Nasty mess off Mumbai following this collision. Looks like the end of MSC Chitra. I have been seeking permission to post some pics. but have just seen the same on Google.


----------



## nesloone (Aug 3, 2010)

When something in shipping goes wrong then it goes really wrong.....this seems to get a costy and time consumping salvage plus ofcourse the port is blocked fully !


----------



## duquesa (Aug 31, 2006)

Looks like the marine life will suffer as some "nasties" adrift!(Sad)


----------



## LEEJ (Mar 25, 2006)

As usual the ship is reported as a tanker!


----------



## Billieboy (May 18, 2009)

How many MSC box boats have had collisions in the last for years? Perhaps rule 14 should be implanted with a large hammer!(or was that rule 16?)


----------



## John Cassels (Sep 29, 2005)

Billieboy said:


> How many MSC box boats have had collisions in the last for years? Perhaps rule 14 should be implanted with a large hammer!(or was that rule 16?)

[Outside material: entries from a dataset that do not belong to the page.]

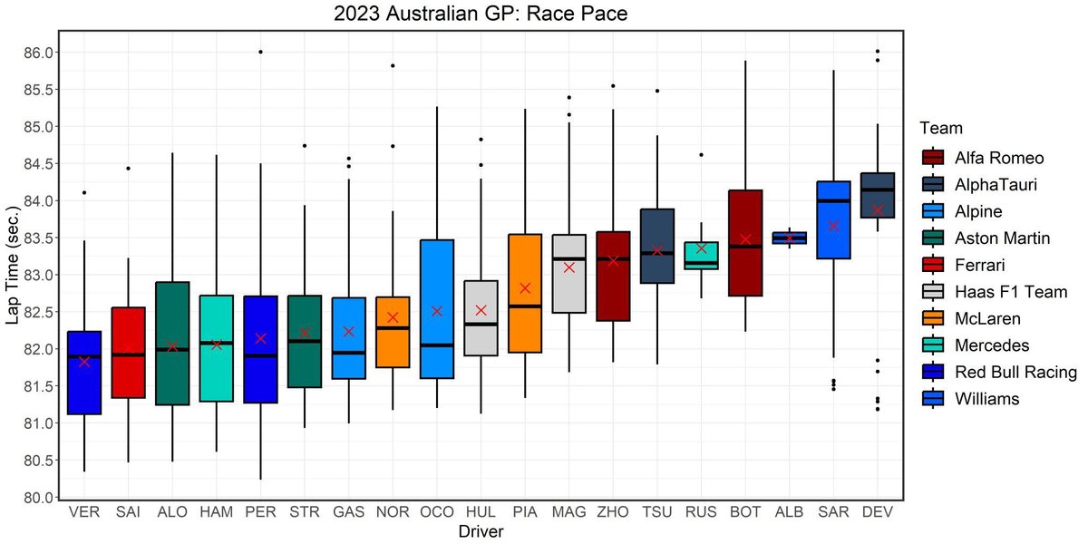 На самом деле второй по среднему темпу машиной в Австралии был не «Мерседес». Без учета «Ред Булл» стабильнее и «ближе» всех круги гоночного отрезка укладывал Карлос Сайнс на «Феррари».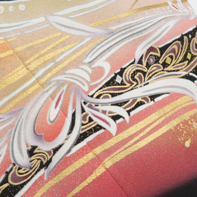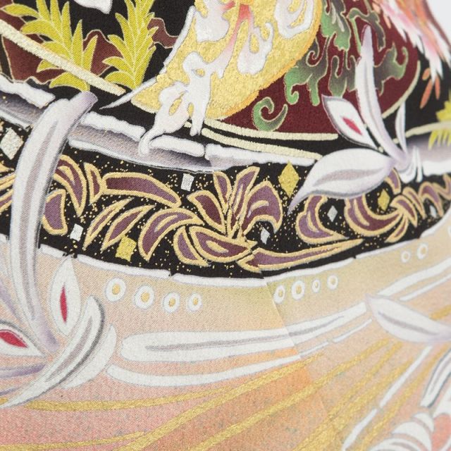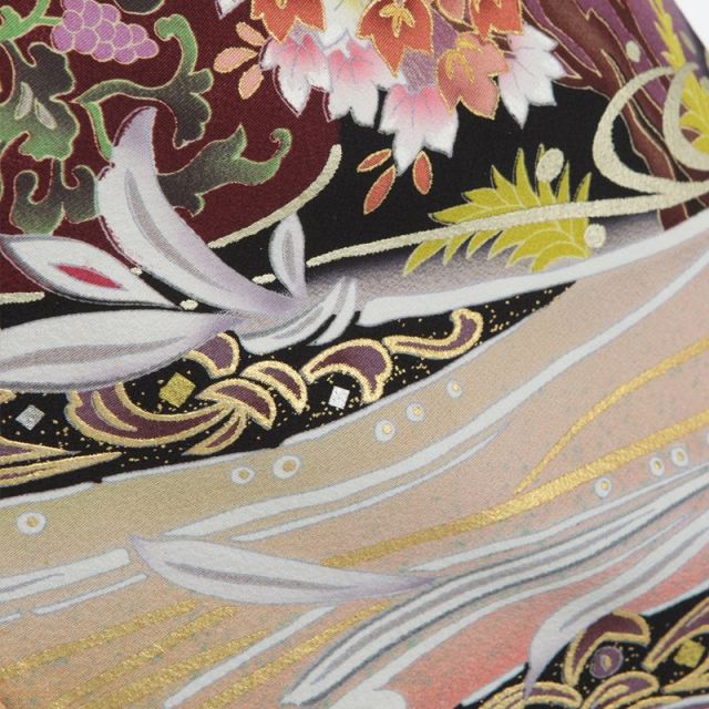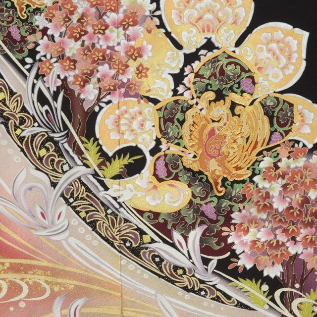 古代中国の伝説上の生き物、鳳凰がモチーフになっています。鳳凰は鳳が雄、凰が雌を表します。鳳凰の羽は5色に彩られていて、長い尾を持つと考えられています。鶴と同じようにおめでたい鳥、瑞鳥とされていて、日本に伝わってきてからはおめでたいモチーフのひとつとしてお着物にも使われてきました。留袖の柄の上の方には2羽の鳳凰描かれていますが、長い尾をなびかせて飛ぶ姿は優雅さと品を感じさせます。留袖の柄の左の端や中央にはゴールドに縁どられた姿もあり、とても豪華です。鳳凰まわりはぶどうのつると果実、白や赤の花をつけた木などが印象的に描かれています。裾の方には、流れる水のような模様など動きのある柄がデザインされています。同じデザインで色ちがいの黒留袖もありますが、こちらは裾まわりが暖色系に色付けされているので、華やかで明るい印象になります。
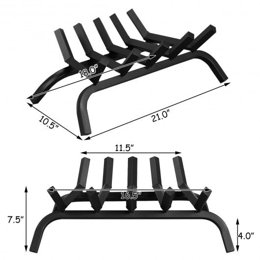 Specification: Color: Black Material: Iron Overall dimensions: 21"/18" x 10.5" x 7.5" (L x W x H) Length of front top: 16.5" Length of rear top: 11.5" Number of bars: 5 Clear between floor and crossbar: 4" Net weight: 5.5 lbs Package includes: 1 x Fireplace log grate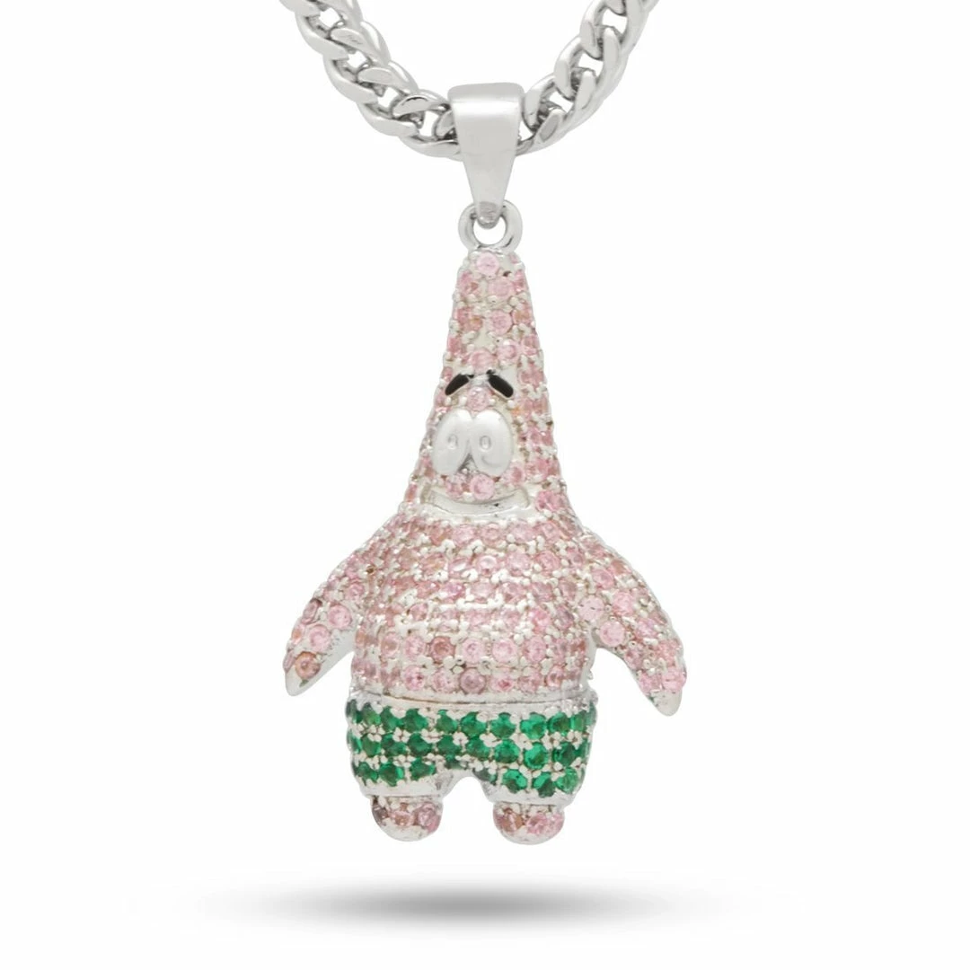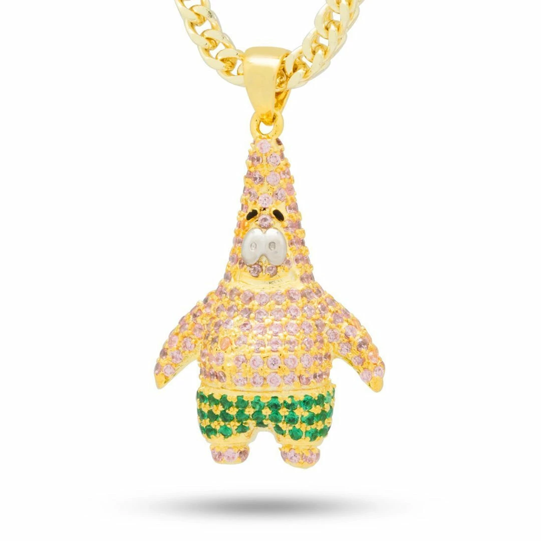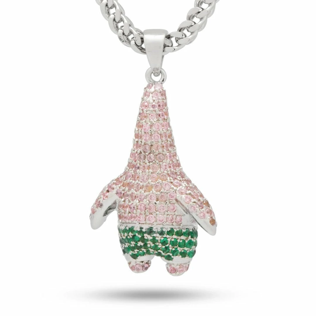 This Patrick Star necklace is 3D designed with VVS Diamond Simulate stones and 14K Gold ionic plating and white gold plating. Each pendant is paired with a 2.5mm, 20″ Stainless Steel Franco Chain.

Bill , it's actually rule 19 ;

" When two power driven vessels are crossing so as to involve risk of
collision , the one which is not a MSC container vessel is strongly
advised to keep well clear of her ".


----------



## Scurdie (Aug 6, 2009)

From the photos on the web, MSC Chitra appears to be resting on the bottom because there is an oily tide mark across her superstructure. It's a little odd then that she has not settled back to a more even keel, but at least she will not disappear below the waves, if that's any comfort to would-be salvors.
Her "attacker" got off lightly, with a shortened nose!


----------



## callpor (Jan 31, 2007)

Billieboy said:


> How many MSC box boats have had collisions in the last for years? Perhaps rule 14 should be implanted with a large hammer!(or was that rule 16?)


Goodmorning Billieboy;
A very interesting question which I doubt will get a response from MSC. Browsing the gallery this morning I spotted another which I gather ocurred on 13 June 2010 east of Gib when the MSC Camille was in collision with M/T Torm Marina. GIBDAN has posted some photos of the latter in Maritime Casualities thread ...take a look! Cheeers Chris


----------



## Ian J. Huckin (Sep 27, 2008)

LEEJ said:


> As usual the ship is reported as a tanker!


More usually a Freighter. Well the press is now up to two different types!


----------